- Born: 29 October 1981 (age 44) Andrea Katharina Ingeborg Göthling
- Citizenship: German
- Occupations: sound recordist in the field of Noise and Post-industrial music, visual artist, and filmmaker

= Mama Baer =

German sound recordist

Mama Baer (born Andrea Katharina Ingeborg Göthling; 29 October 1981) is a German sound recordist of noise music and post-industrial music. She is a filmmaker and visual artist in Flensburg. She has had solo and group art exhibitions around the

world, and her short films have been presented at several film festivals.

== Early life ==
Mama Baer was born Andrea Katharina Ingeborg Göthling on October 29, 1981.

== Career ==
She works as a sound recordist in the field of Noise and Post-industrial music, visual artist, and filmmaker in Flensburg.

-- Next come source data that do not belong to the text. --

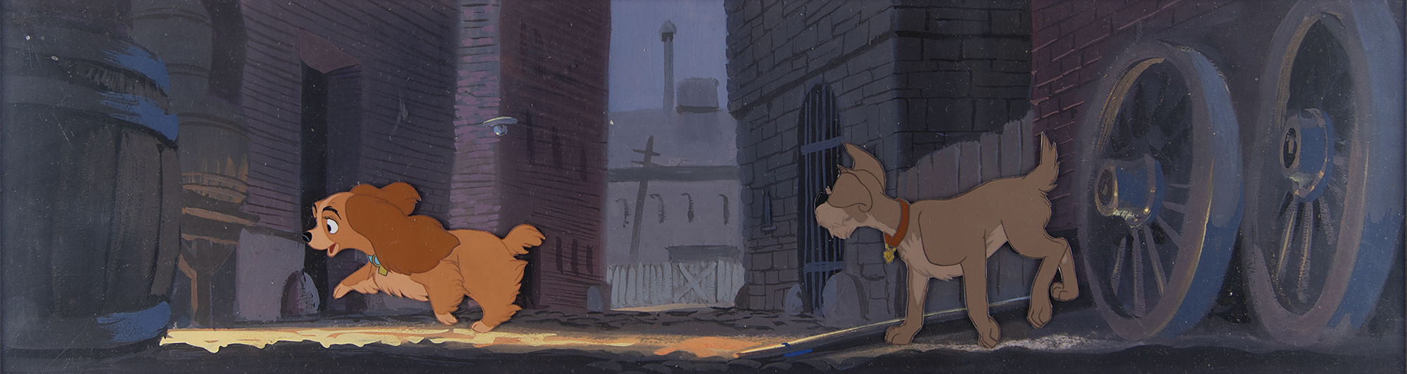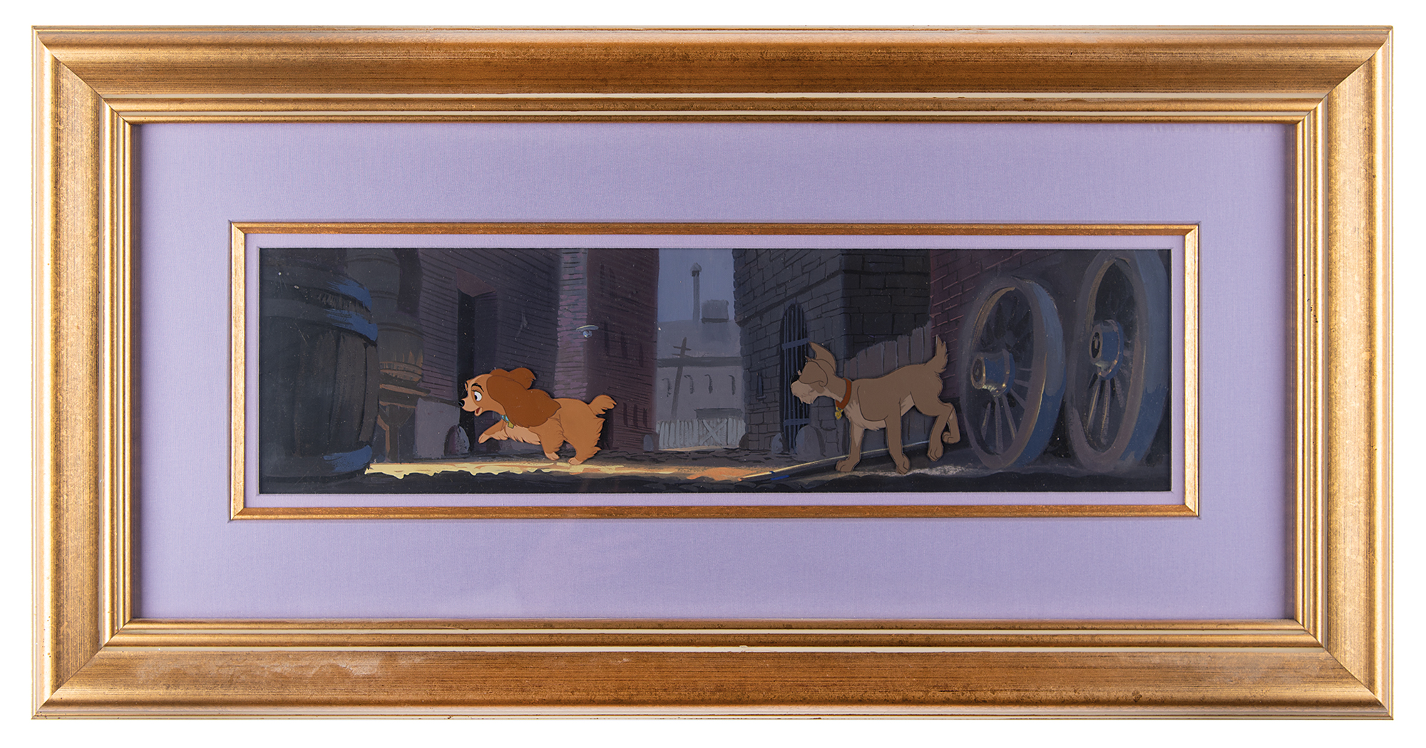 (Walt Disney Studios, 1955) Gorgeous original production key master background set-up from Lady and the Tramp, containing bright full-body production cels of the two title canines against a beautiful hand-painted panoramic key production background, which shows the dogs crossing a dimly lit alleyway towards the shine of an open doorway. The cel images have been trimmed to size and measure 3.5 x 2.25 (Lady) and 3.5 x 3 (Tramp), with a mat opening of 19 x 5. Handsomely cloth-matted and framed to an overall size of 28.25 x 14.5. In fine condition.
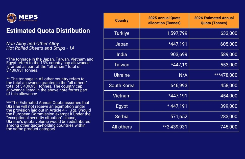 На диаграмме Европарламента, озаглавленной "Предполагаемое распределение квот" в карусели изображений выше, представлено наше предполагаемое распределение квот для крупнейшей категории продукции – горячекатаных листов и полос из нелегированных и других сплавов категории 1А.
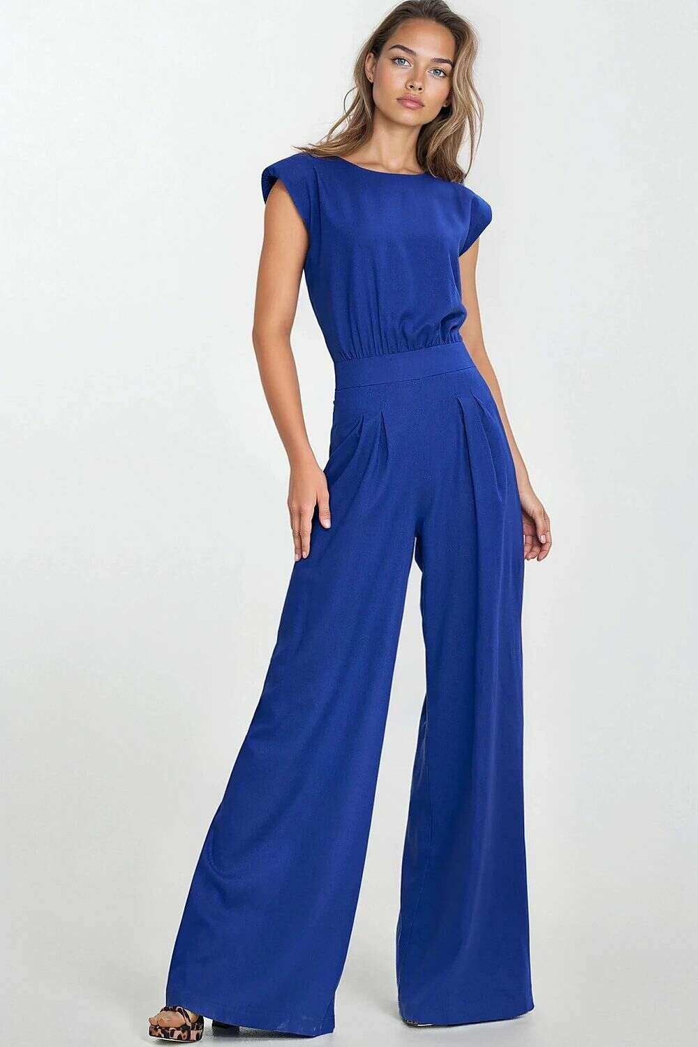 Linen Rayon Jumpsuit Model 213980 Breathable Boat Neck

She often works together with her husband Kommissar Hjuler as Kommissar Hjuler und Frau. A self-taught artist, she began making music in 1999 and visual art in 2006. Her art is in the field of neo dada and art brut.

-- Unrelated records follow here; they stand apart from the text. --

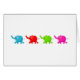 Niedliche Cartoon-Abbildung von vier verschiedenen farbigen Dschungelelefanten, die hintereinander marschieren. Bilder auf verschiedenen Geschenken und Produkten erhältlich.
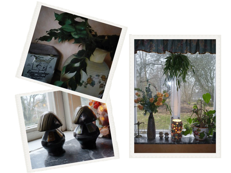 Den stora Kanolds burken och den gamla krukan har jag fått av Rosa när hon flyttade in i sitt hus och behövde bli av med lite jox. Jag samlar och älskar gamla burkar och gamla ting så jag blev överlycklig. Tills jag hittat en bättre plats så får porslinsblomman vara i krukan, men den lär nog behövas flytta snart och jag har en stor kruka med garderobsblomma som klarar av att stå så mörk som jag funderar att ha där istället.
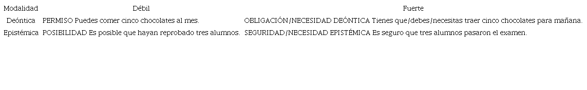 Los verbos modales en los ejemplos anteriores corresponden a las modalidades deóntica y epistémica. La modalidad deóntica trata de la deseabilidad de las acciones más que de la posibilidad de que ocurran, y va del permiso a la obligación; mientras que la epistémica expresa la factibilidad de que ocurra cierto evento, y va de la posibilidad a la necesidad. De aquí que se diga que estos tipos de modalidad usualmente se presentan con dos fuerzas distintas, una fuerte y una débil, como puede observarse en la Tabla 1.
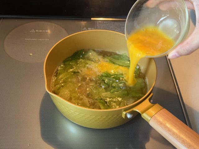 【3】春雨が柔らかくなったら、卵を溶いて流し入れる。
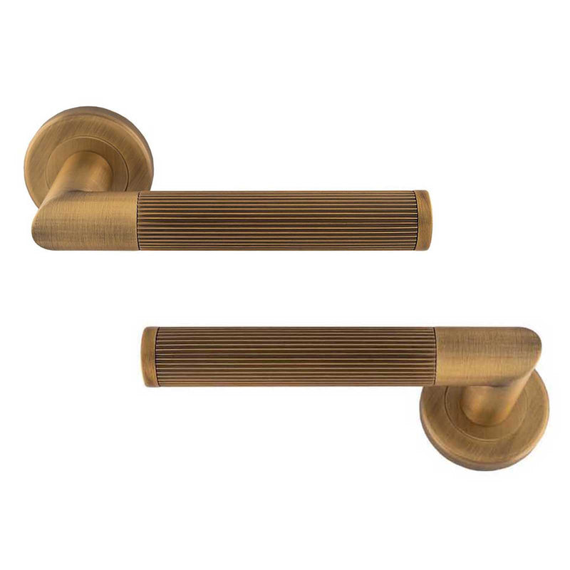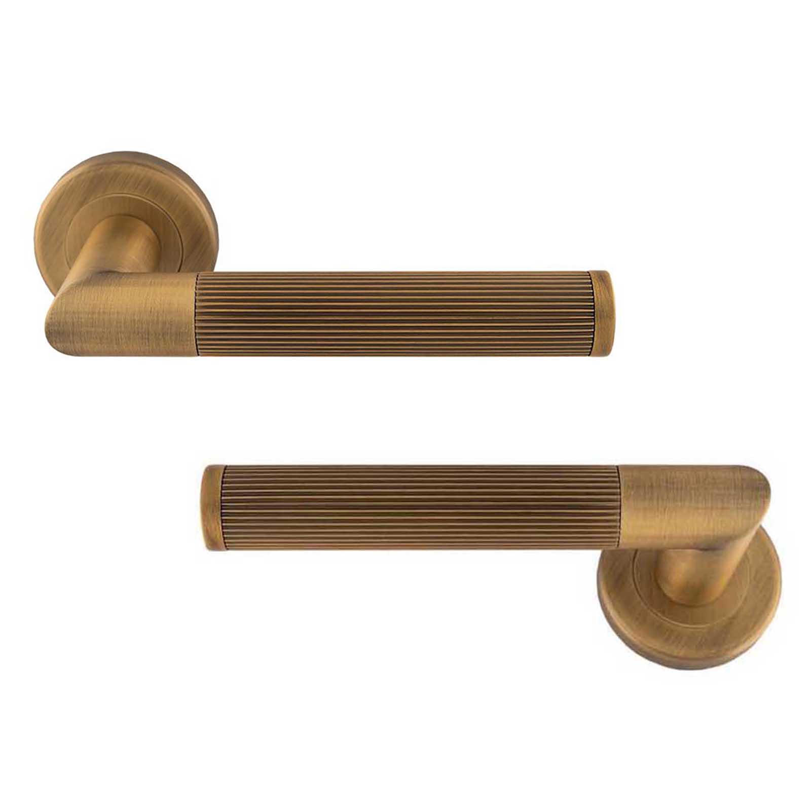 Deze Serozzetta "Trend Lines" deurkruk combineert eigentijdse elegantie met een subtiel industrieel randje. De fijne ribbelstructuur en afgeschuinde rozet geven deze moderne deurklink een strak en luxe uiterlijk. Verkrijgbaar in Zwart, Antiek Messing en Chroom Nikkel, waardoor hij moeiteloos past in uiteenlopende interieurs – van minimalistisch tot hotel chic.
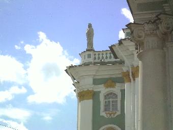А теперь взгляните на фото №12: женская статуя на крыше того же угла дворца, единственно выкрашенная отчего-то в белесый, если так можно сказать, цвет - кто она? Не знаю. Но вдруг это… впрочем – молчу, молчу. Что же касается виршей Кирова, то вот один (орфография и пунктуация авторские): Соблюдая традиции прошлого Мы обход в Эрмитаже ведем. По маршруту, что нам лишь известен Мы три раза его обойдем. Здесь нас четверо, все мы серьезны, И ответственность здесь велика… Мать – царица – Екатерина Нам в наследство обход отдала. Все здесь тихо, торжественно важно, Экспонаты встречают гостей… Тот, кто сердце отдал Эрмитажу Стало смыслом всей жизни своей. Но один мы вопрос проглядели, Был ограблен здесь «Русский отдел» Кто та мразь, что так нагло посмели Кто ограбить отдел захотел?! Эта банда без совести, чести, Опозорила наш Эрмитаж… «Не нашли» эту банду в России Назовем это мы – саботаж! У веревочки кончик найдется… Так и здесь, эту банду найдем, Все узнается, мы точно знаем, И к ответу шпану позовем! В том числе бы и призрачную, - добавлю я. Чем мы, эмчеэсовцы (фото №13), хуже Эйкройдов и Мюрреев?
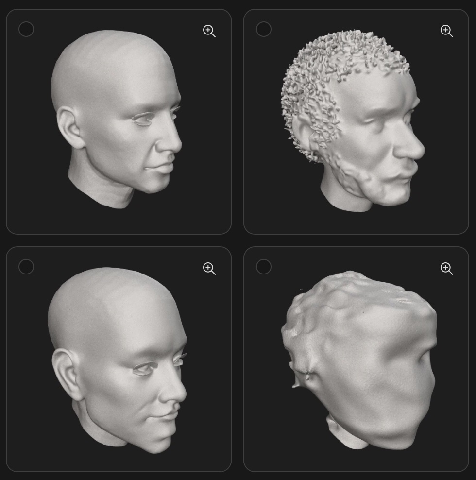 Today, Meshy asked what styles I liked and what kinds of things I wanted to generate. I picked characters and cartoon as the style. Despite that, my text prompt generated a single model of a realistic man as I requested. I didn’t ask it to make it look like me so it didn’t, but it did follow the prompt. When you zoom in, the features are a bit blurred, but if I was to 3D print this as a small action figure, I imagine it being fairly passable. The photograph bust it generated was much more photo realistic, but it definitely hits that uncanny valley feeling. It’s come a long way in just a year.
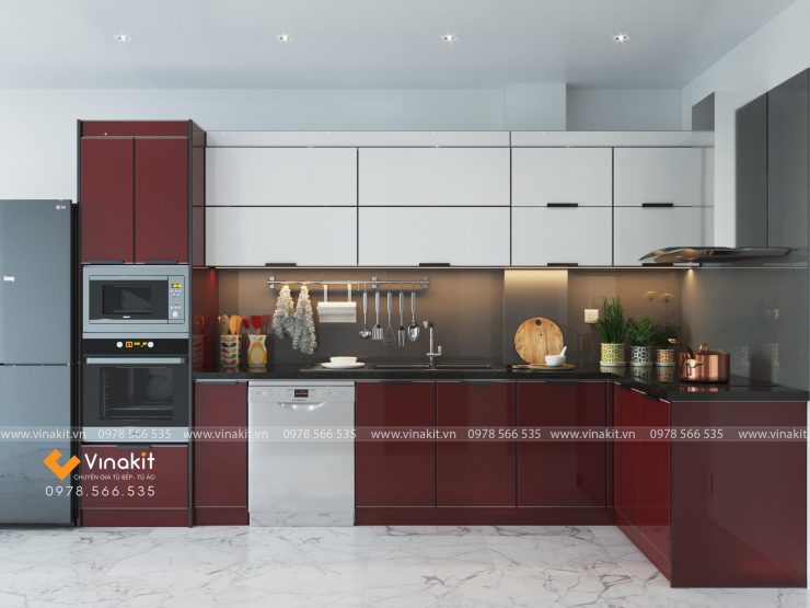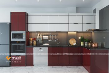 Kiểu dáng: Tủ trên chữ I, tủ dưới chữ L, kết hợp tủ kho
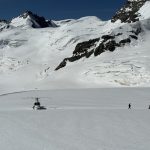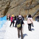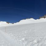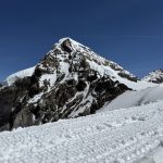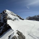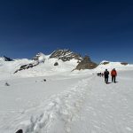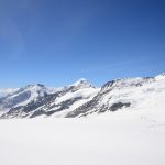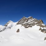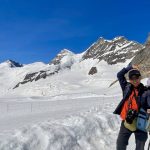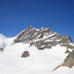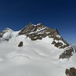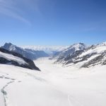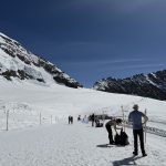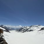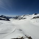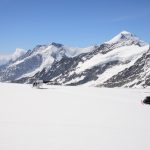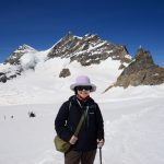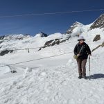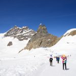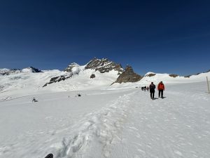 到少女峰車站,依照參觀順序先上觀景台,眺望四周,首先映入眼簾的是阿雷奇冰河。冰河地處很高的山上,還沒有受到土石流的覆蓋,還呈現閃閃發光的白色。搭電梯下樓,通過隧道走到空曠的雪地,雪地步道經雪車整理過,沒有穿冰爪也沒問題。步道前方左側近距離觀賞保護少女的僧侶峰,續往前方可以走到 Monchsioch Hunt 。我們沒有時間走到那裡,走到自己想回頭時就往回走,大家經歷了一次自由自在的雪地步行。

Mama Baer has a huge amount of music releases available at independent labels like Ultra Eczema, Intransitive Recordings, Nihilist Records, Obskyr Records and others. She shares albums with Bomis Prendin, Franz Kamin, Philip Krumm, Wolf Vostell, and others.

== Performance ==
Kommissar Hjuler und Frau performed at festivals such as Colour out of Space Festival, Brighton, 2009, Zappanale, Bad Doberan, 2010, Incubate (festival) Nijmegen, 2010, and at artists' venues like Morden Tower, Café Oto or Mary Bauermeister's performance space. They performed live with Jan van den Dobbelsteen and Danielle Lemaire, Eugene Chadbourne, John Wiese, Heather Leigh Murray, Clive Graham, and others.

== Art ==
She has presented in solo and group art exhibitions around the world. On 9 November 2009 she joined the NO!art movement.

German novelist, Peter Rathke presented Mama Baer as a character in his novel Im Knast mit Kommissar Hjuler und Mama Baer.

Mama Baer was played by Kathleen Gregory in an incomplete short film by Fred Wilder. Kommissar Hjuler and Mama Baer wrote most of the film's music.